### Your goal
All lines from the one containing "Erfolgreiche Teilnahme am" through the end of the data below are to be repeated exactly, with pictures left out.

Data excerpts
_____

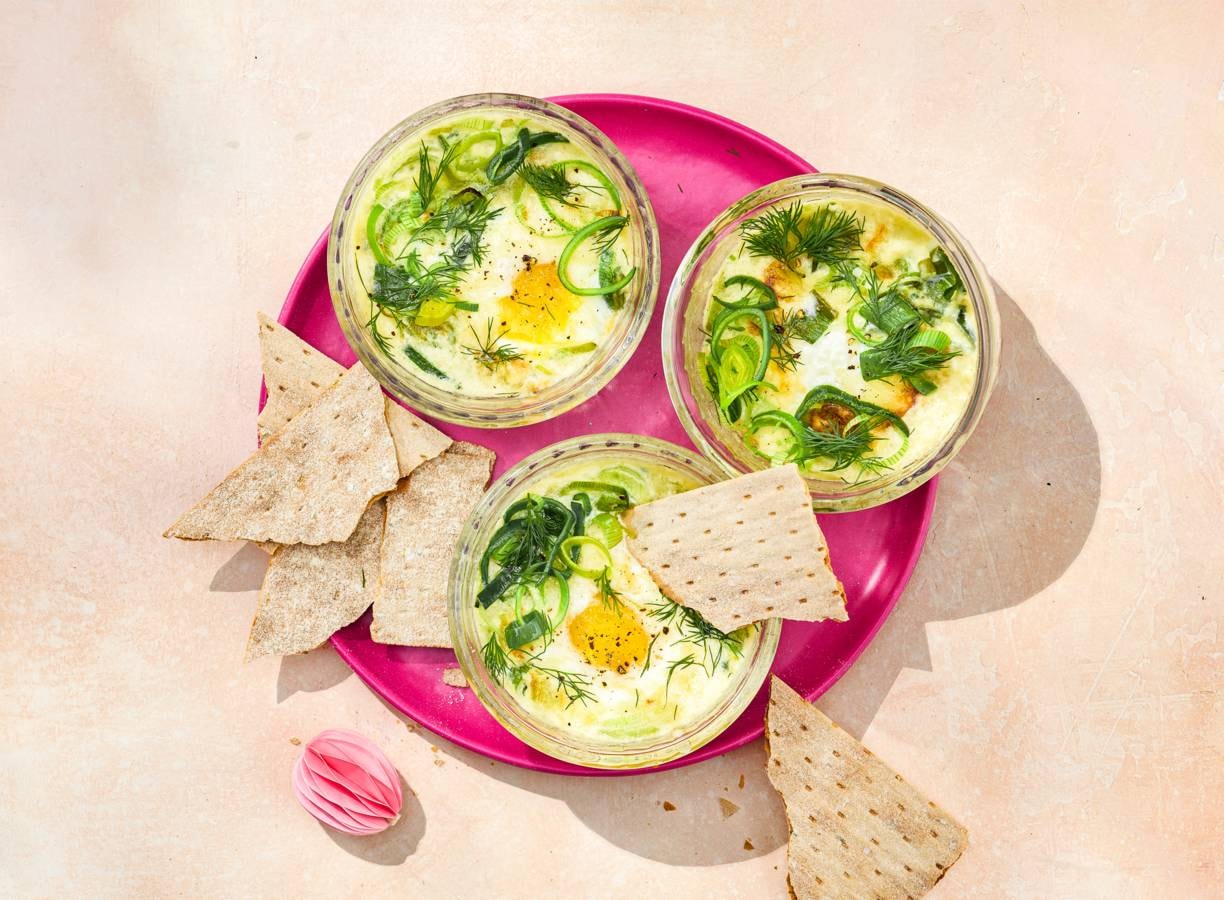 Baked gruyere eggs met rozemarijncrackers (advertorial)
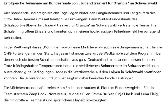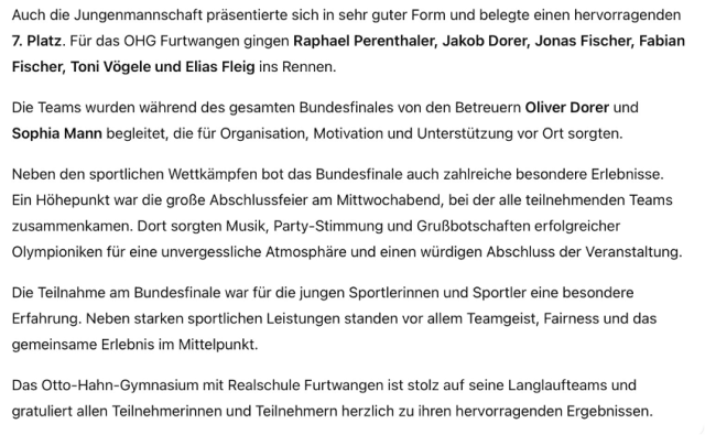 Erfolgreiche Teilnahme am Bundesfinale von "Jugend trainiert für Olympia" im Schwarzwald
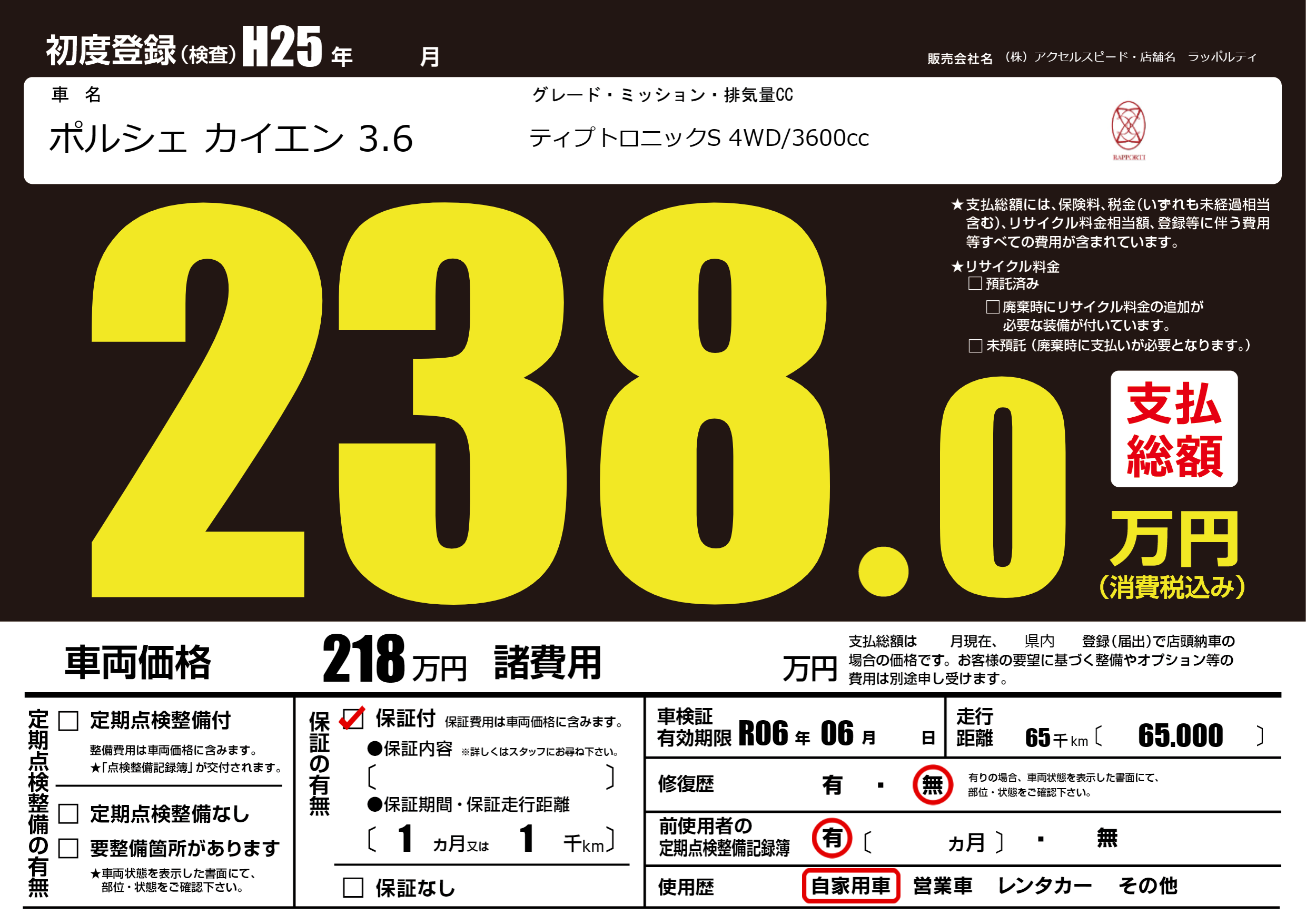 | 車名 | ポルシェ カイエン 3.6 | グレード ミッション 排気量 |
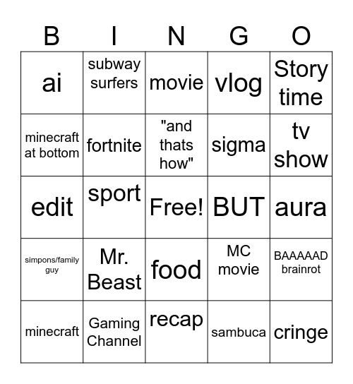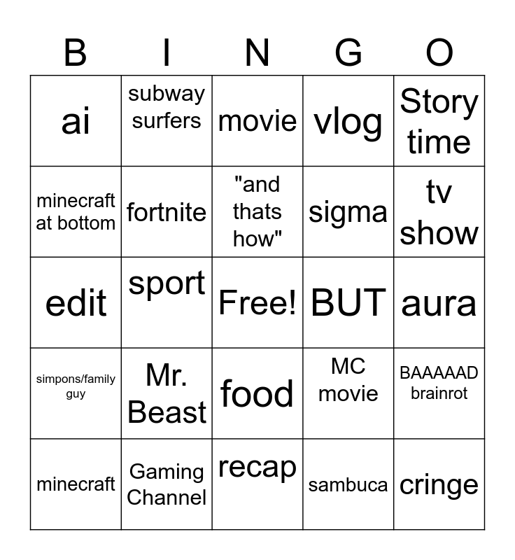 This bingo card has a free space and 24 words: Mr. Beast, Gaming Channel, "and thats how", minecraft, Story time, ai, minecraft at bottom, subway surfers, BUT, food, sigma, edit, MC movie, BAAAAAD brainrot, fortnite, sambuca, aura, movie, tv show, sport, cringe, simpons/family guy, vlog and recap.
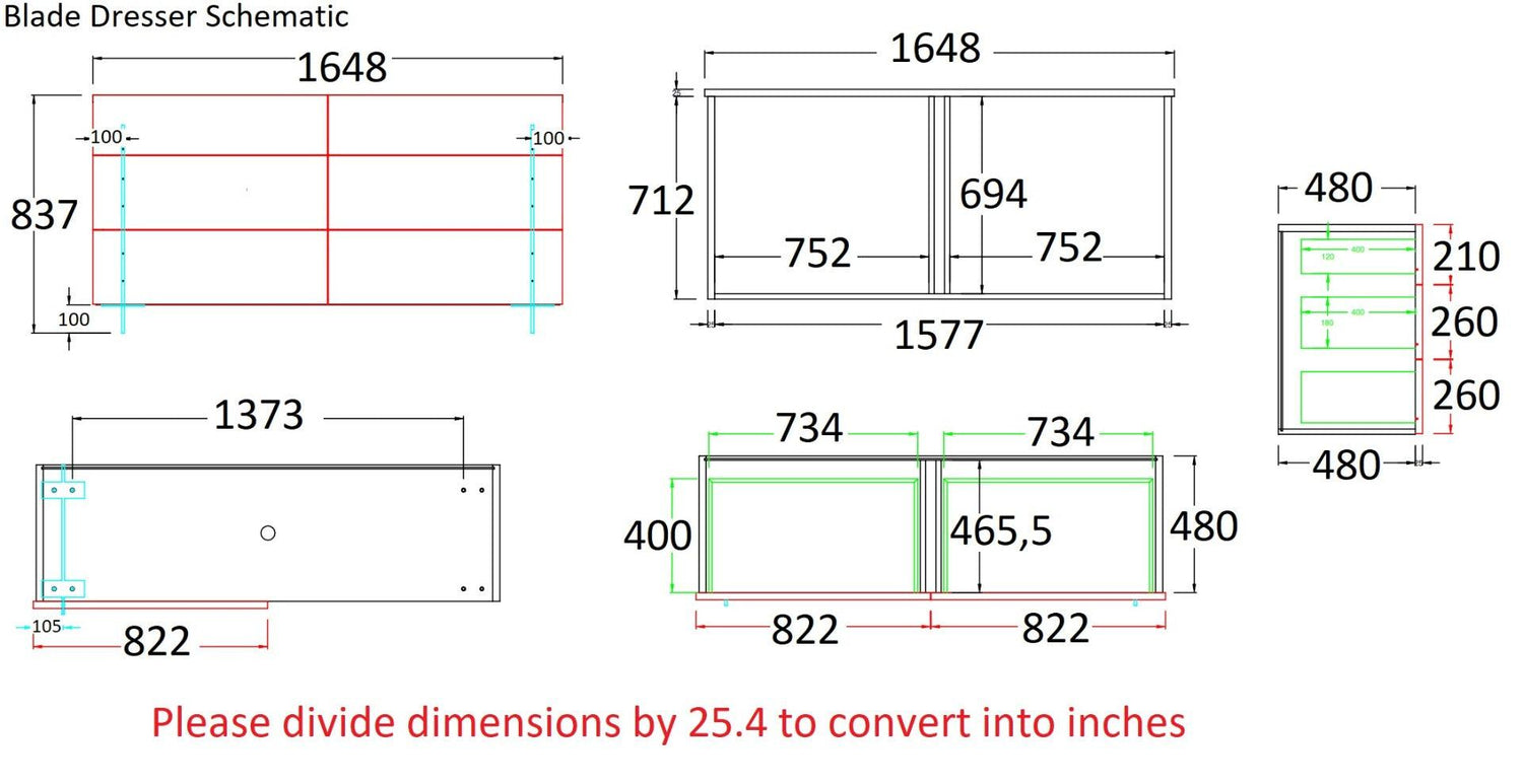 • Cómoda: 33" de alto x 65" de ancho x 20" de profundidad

_____

### Answer space
 Erfolgreiche Teilnahme am Bundesfinale von "Jugend trainiert für Olympia" im Schwarzwald
 | 車名 | ポルシェ カイエン 3.6 | グレード ミッション 排気量 |
 This bingo card has a free space and 24 words: Mr. Beast, Gaming Channel, "and thats how", minecraft, Story time, ai, minecraft at bottom, subway surfers, BUT, food, sigma, edit, MC movie, BAAAAAD brainrot, fortnite, sambuca, aura, movie, tv show, sport, cringe, simpons/family guy, vlog and recap.
 • Cómoda: 33" de alto x 65" de ancho x 20" de profundidad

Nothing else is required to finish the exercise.